Maybe what I said above it true, even though (at the same time) I have
*also* created new problems with "young" member xids. I really don't
know right now, though.

> > Final relfrozenxid values must still be >= FreezeLimit in an aggressive
> > VACUUM (FreezeLimit is still used as an XID-age based backstop there).
> > In non-aggressive VACUUMs (where there is still no strict guarantee that
> > relfrozenxid will be advanced at all), we now advance relfrozenxid by as
> > much as we possibly can. This exploits workload conditions that make it
> > easy to advance relfrozenxid by many more XIDs (for the same amount of
> > freezing/pruning work).
>
> Don't we now always advance relfrozenxid as much as we can, particularly also
> during aggressive vacuums?

I just meant "we hope for the best and accept what we can get". Will fix.

> > * FRM_RETURN_IS_MULTI
> > * The return value is a new MultiXactId to set as new Xmax.
> > * (caller must obtain proper infomask bits using GetMultiXactIdHintBits)
> > + *
> > + * "relfrozenxid_out" is an output value; it's used to maintain target new
> > + * relfrozenxid for the relation.
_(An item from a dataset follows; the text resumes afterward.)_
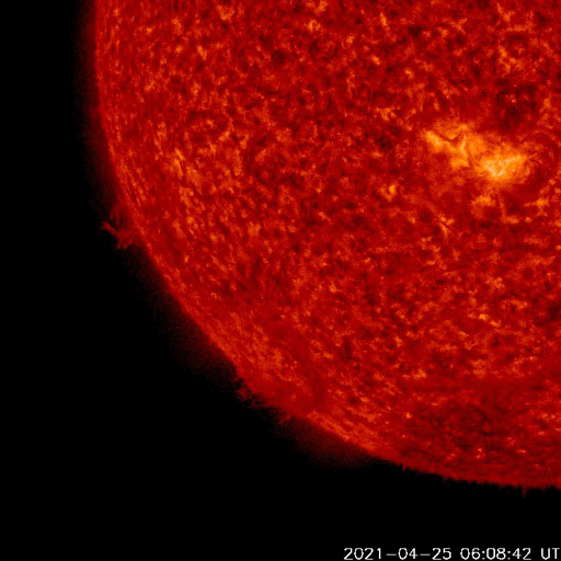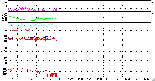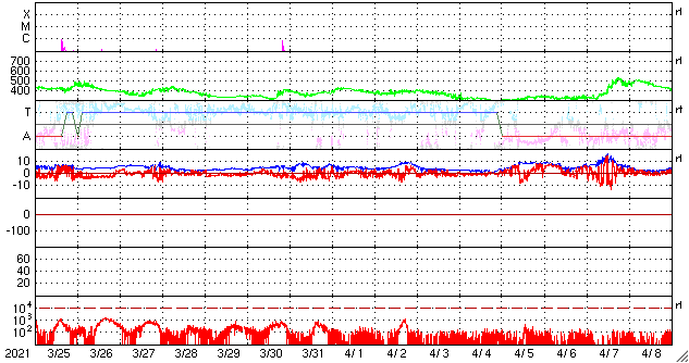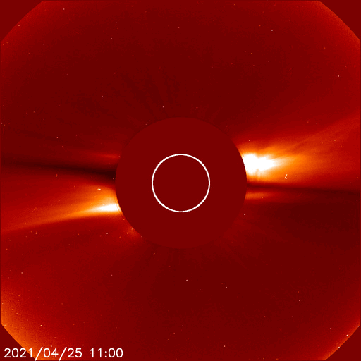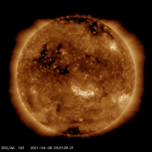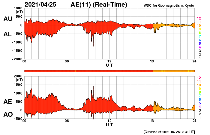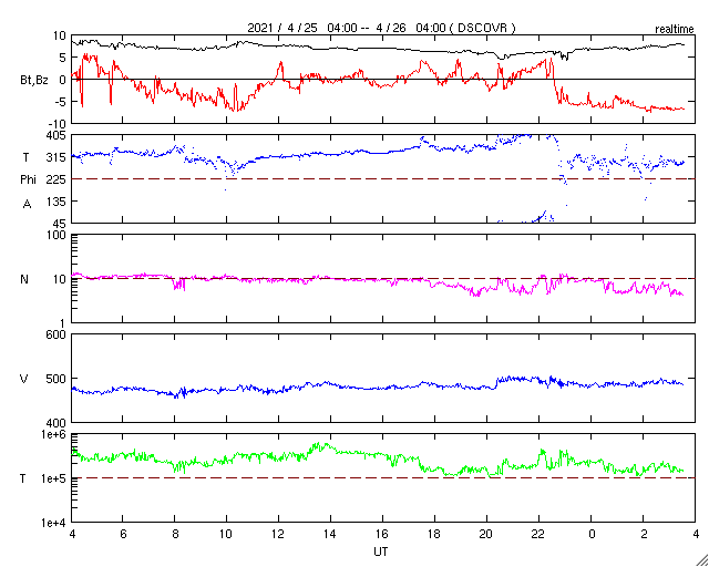 2021/ 4/26 12:51 更新 太陽風はやや高速の状態が続き、磁気圏の活動も高まっています。 担当 篠原 昨日から今朝にかけて、 太陽風は470km/秒とやや高速の状態が続き、 その後、もう少し高まって500km/秒近くに達しています。 磁場強度は、8nTから6nTへ少し下がり、 再び8nTに上がっています。 磁場の南北成分は、 グラフの初めと終わりで南向きに強まっています。 磁気圏の活動も高まっていて、 AE指数は、1枚目の中ほどに700nTの中規模の変化が発生して、 その後穏やかになりましたが、 2枚目に入ると再び高まって、900nT近い変化が発生しています。 磁場の南向きの変化が続けば、 この後も、磁気圏の活動は活発に推移するでしょう。 SDO衛星AIA193では、 太陽の北東側(左上)にコロナホールが見えています。 5日後くらいから、この領域の影響がやって来るかもしれません。 太陽は、中央部に新しく現れた黒点に、 2821群と番号が付けられています。 一方、南西(右下)の2816群は黒点が見えなくなり、 北西(右上)の2819群は、SDO衛星の写真を拡大すると、 かろうじて黒点が見えているくらいです。 SDO衛星AIA304の動画を見ると、 昨夕、25日18時(世界時25日9時)頃に、 太陽の南東側(左下)でフィラメント噴出が発生しています。 薄暗く見えるプラズマのかたまりが、 太陽から左に向かって飛び出しています。 SOHO衛星LASCO C2、C3では、 このフィラメント噴出によるCME(コロナ質量放出)が 撮影されています。 太陽の左側に向かっているので、 地球への影響はなさそうです。

It can be ignored unless "flags" contains
> > + * either FRM_NOOP or FRM_RETURN_IS_MULTI, because we only handle multiXacts
> > + * here. This follows the general convention: only track XIDs that will still
> > + * be in the table after the ongoing VACUUM finishes. Note that it's up to
> > + * caller to maintain this when the Xid return value is itself an Xid.
> > + *
> > + * Note that we cannot depend on xmin to maintain relfrozenxid_out.
>
> What does it mean for xmin to maintain something?

Will fix.

> > + * See heap_prepare_freeze_tuple for information about the basic rules for the
> > + * cutoffs used here.
> > + *
> > + * Maintains *relfrozenxid_nofreeze_out and *relminmxid_nofreeze_out, which
> > + * are the current target relfrozenxid and relminmxid for the relation. We
> > + * assume that caller will never want to freeze its tuple, even when the tuple
> > + * "needs freezing" according to our return value.
>
> I don't understand the "will never want to" bit?
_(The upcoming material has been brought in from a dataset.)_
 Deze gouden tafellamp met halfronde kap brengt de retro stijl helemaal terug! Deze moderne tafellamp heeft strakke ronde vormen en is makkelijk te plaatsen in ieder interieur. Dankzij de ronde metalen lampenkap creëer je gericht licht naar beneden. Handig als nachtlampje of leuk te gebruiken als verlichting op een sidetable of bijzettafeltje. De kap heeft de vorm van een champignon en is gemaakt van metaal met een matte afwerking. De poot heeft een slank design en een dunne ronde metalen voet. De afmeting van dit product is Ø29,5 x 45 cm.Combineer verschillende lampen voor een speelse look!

I meant "even when it's a non-aggressive VACUUM, which will never want
to wait for a cleanup lock the hard way, and will therefore always
settle for these relfrozenxid_nofreeze_out and
*relminmxid_nofreeze_out values". Note the convention here, which is
relfrozenxid_nofreeze_out is not the same thing as relfrozenxid_out --
the former variable name is used for values in cases where we *don't*
freeze, the latter for values in the cases where we do.

Will try to clear that up.

> > Caller should make temp
> > + * copies of global tracking variables before starting to process a page, so
> > + * that we can only scribble on copies. That way caller can just discard the
> > + * temp copies if it isn't okay with that assumption.
> > + *
> > + * Only aggressive VACUUM callers are expected to really care when a tuple
> > + * "needs freezing" according to us. It follows that non-aggressive VACUUMs
> > + * can use *relfrozenxid_nofreeze_out and *relminmxid_nofreeze_out in all
> > + * cases.
>
> Could it make sense to track can_freeze and need_freeze separately?
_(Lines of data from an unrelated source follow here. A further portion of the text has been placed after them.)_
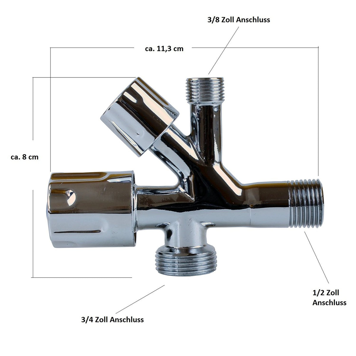 Die Maße passen perfekt: 3/8\ gerader Anschluss für Dreiecksventile und Toiletten-Einläufe, sowie 9/16\ für Sprühgeräte. So kannst du flexibel mehrere Geräte an einer Wasserquelle betreiben.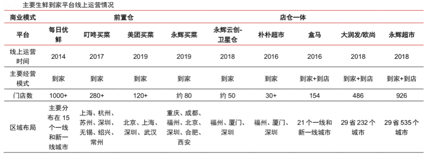 根據草根調研、36kr、聯商網、商業觀察網、Questmobile、中信證券研究部預測等綜合資訊表明,國內生鮮到家模式大多創始不久,區域布局多在一二線城市,生鮮占比多在50%以上,線上客單價多在60元以下,線上成為其主要戰場,這些鮮明的特征告訴我們,“生鮮品類結構”構建是生鮮到家模式中關鍵的一環,強有力的生鮮商品是優質流量入口,更是生鮮到家模式毛利“調節器”。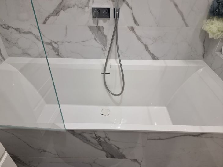 Смойте водой. Промойте ванну тёплой водой и протрите насухо микрофиброй для блеска.
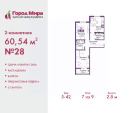 2-комн. квартира с предчистовой отделкой в ЖМ ''Город Мира'' на 2 этаже. Общая площадь: 60.54 кв.м., жилая: 27.72 кв.м., площадь просторной кухни-столовой: 12.01 кв.м. Квартира - распашонка, без проходных комнат, окна выходят на paзные стороны дома. В квартире один балкон, один совмещенный и один раздельный санузел. Высота потолков 2.7 м. Квартиры в ЖК ''Город Мира'' ваш комфорт начинается здесь! ''Город Мира'' это масштабный жилой комплекс, созданный для тех, кто ценит комфорт, безопасность и гармонию с природой. Здесь продумана каждая деталь: от удобной инфраструктуры до эргономичных планировок квартир. В 2024 году микрорайон ''Город Мира'' победил в номинации ''Лучший экологический проект года в сфере строительства'' по версии премии Crimea Urban Awards. Почему выбирают наш комплекс: - Зеленый оазис живите среди природы в черте города.- Всё под рукой 2 детских сада, магазины, фитнес, медицина. - Безопасность: закрытая территория с видеонаблюдением. Наши квартиры: - Просторные планировки с кладовыми. - Автономное отопление: платите только за реальное потребление. - Готовая предчистовая отделка: стяжка пола, штукатурка стен (кроме 3, 4 домов, где нет штукатурки стен). - Консьерж-сервис и подземный паркинг. Инфраструктура комплекса: - Детские и спортивные площадки. - Зоны отдыха с беседками. - Фитнес-клубы и салоны красоты. - Будущая школа на территории, уже функционируют два детских сада. Выгодные условия покупки: - Ипотека от 5,5%, военная ипотека от 5,5%. - Рассрочка. - Материнский капитал на первоначальный взнос. Квартира находится в корпусе 5_42. Дом монолитный, одноподъездный, высотой 9 этажей. В подъезде 1 грузовой лифт. Окончание строительства - 4 квартал 2026 года. Оформление сделки по договору долевого участия. #25TF8f

You mean to change the signature of heap_tuple_needs_freeze, so it
doesn't return a bool anymore? It just has two bool pointers as
arguments, can_freeze and need_freeze?

I suppose that could make sense. Don't feel strongly either way.

> I may be misreading the diff, but aren't we know continuing to use multi down
> below even if !MultiXactIdIsValid()?

Will investigate.

> Doesn't this mean we unpack the members even if the multi is old enough to
> need freezing? Just to then do it again during freezing? Accessing multis
> isn't cheap...

Will investigate.

> This stanza is repeated a bunch. Perhaps put it in a small static inline
> helper?

Will fix.

> Struct member names starting with an upper case look profoundly ugly to
> me... But this isn't the first one, so I guess... :(

I am in 100% agreement, actually. But you know how it goes...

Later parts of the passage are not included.